Methods: High-risk patients were aggressively resuscitated while being continuously monitored by near infrared spectroscopy. Near infrared spectroscopy monitoring strips allow for a direct comparison of changes in tissue oxyhemoglobin levels (HbO2), which reflect local oxygen supply, and cytochrome a,a3 redox, which reflects mitochondrial oxygen consumption. Under normal conditions, HbO2 and a,a3 redox are tightly coupled. On the other hand, decoupled HbO2 and a,a3 redox is a sign of mitochondrial oxidative dysfunction. Outcomes included MOF, oxygen delivery, oxygen consumption, lactate, and the presence of decoupled HbO2 and a,a3 redox.

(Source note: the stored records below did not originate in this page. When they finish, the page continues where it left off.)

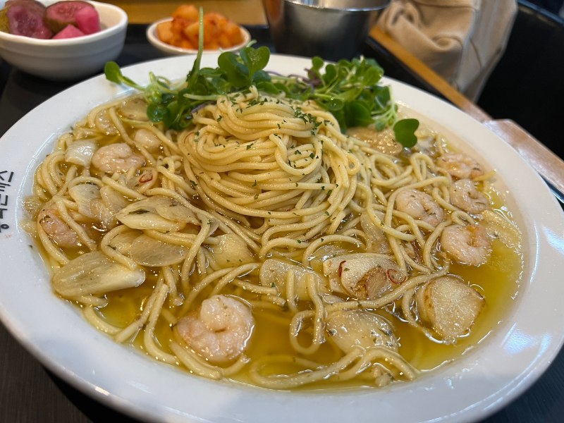 홍익돈가스와 함께 꼭 시켜 먹는 알리오올리오 파스타예요.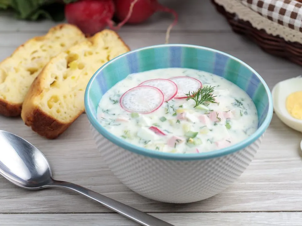З чого зазвичай складається окрошка? Зазвичай використовуються такі інгредієнти: кефір/квас, м’ясо, варене яйце, картопля, огірки, цибуля, редиска, зелень.
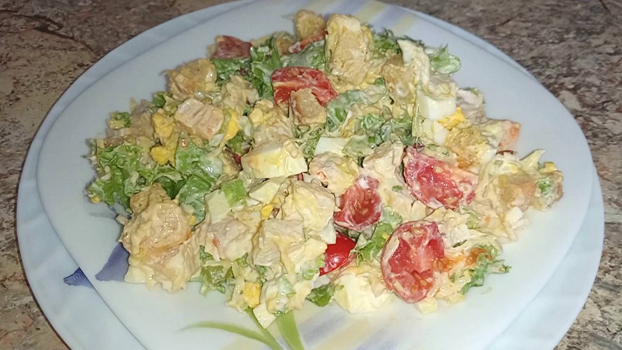 ЧЕМ ТО ПОХОЖ НА САЛАТ "ЦЕЗАРЬ" РЕЦЕПТ ПОЛЕЗНОГО, ОЧЕНЬ ВКУСНОГО И СЫТНОГО САЛАТА. РЕСТОРАННЫЙ САЛАТ.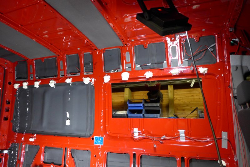 Arbeitsplatz Mühsames Verlegen des Kabelbaumes zur Hecktür in die Dämmebene Dämmen mit selbstkebendem Armaflex 25 mm und Ausschäumen des Horizontalholmes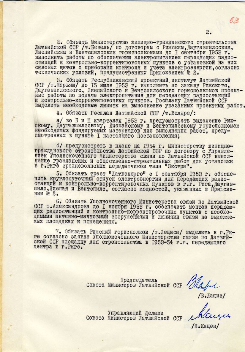 Izpildot PSRS Ministru padomes 1953. gada 23. aprīļa rīkojumu Nr. 6298-rs, kas paredzēja vietējo celtniecības objektu nodrošināšanu aizsardzībai pret naidīgajām radiopārraidēm, Latvijas PSR Ministru padome nolēma – uzlikt par pienākumu Rīgas pilsētas izpildkomitejai, Daugavpils, Liepājas un Ventspils pilsētas izpildkomitejām iedalīt telpas PSRS Sakaru ministrijas pilnvarotajam pie Latvijas PSR MP radioraidītāju iekārtu uzstādīšanai. Ierādītajām telpām jābūt atbilstošām pielikumā Nr. 1 norādītajiem tehniskajiem nosacījumiem. Līdz 1953. gada 1. augustam telpas un platības jāpielāgo tehnisko iekārtu un masta antenu iekārtu izvietošanai. Savukārt līdz 1953. gada 1. jūlijam jāierāda dzīvojamā platība radiostacijas un koriģēšanas kontrolpunktu personālam.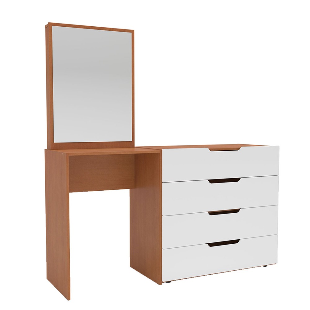 Cômoda Madrid 4 Gavetas com Espelho Branco/Freijó - Politorno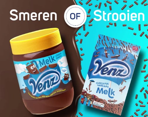 Venz, tot nu toe bekend van de hagelslag en vlokken, introduceert een eigen chocopasta. Daarmee breidt zij haar assortiment uit van enkel strooichocola naar strooichocola en chocopasta.
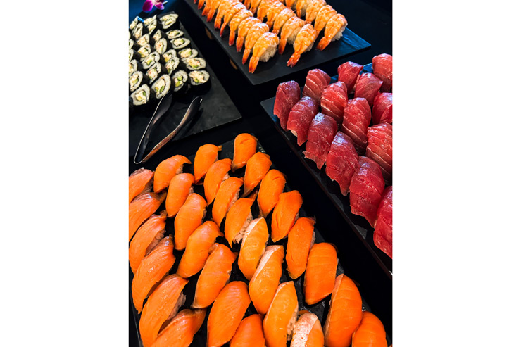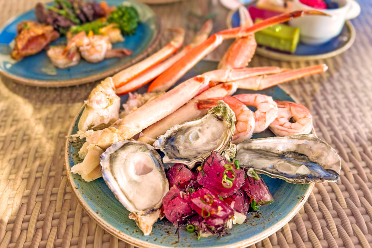 常夏のハワイでクリスマスを迎えるなら、ワイキキの海風を感じるオープンエアレストランへ。ハイアット リージェンシー ワイキキ3階の「ザ ビュッフェ アット ハイアット」では、12月24日、25日の2日間限定でクリスマスディナービュッフェを開催します。カニや生牡蠣、ポケなどのシーフードに、目の前で切り分けるプライムリブ、ハワイ郷土料理に加え、ハチミツハムやラム肉、ハワイ風クリスマス野菜料理、エッグノッグチーズケーキ、ホットチョコレートステーションまで、50種類以上のメニューが勢ぞろい。握り寿司やカルビ、ハワイ産カンパチのロースト、チョコレートファウンテンなど定番人気メニューも味わえます。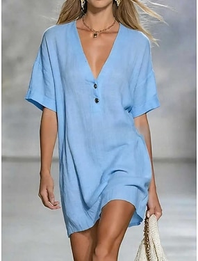 Kvinners 100% bomull midi-kjole faux lin sun kjole A-linje kjole sommer kjole ferie fest avslappet daglig kontor strand løs passform ensfarget halv ermer V-hals lyseblå svart olivengrønn gul

Results: Twenty-four high-risk patients were studied; nine (38%) developed MOF. At 12 hours of resuscitation, MOF and non-MOF patients did not have statistically different oxygen delivery and oxygen consumption, but lactate levels were significantly higher in MOF patients. Additionally, HBO2 and a,a3 redox were decoupled in eight (89%) MOF patients compared with two (13%) non-MOF patients (p < 0.05).

Conclusion: Severely injured trauma patients who develop MOF preferentially display evidence of mitochondrial oxidative dysfunction early in the course of their resuscitation despite early goal-oriented maximization of oxygen delivery.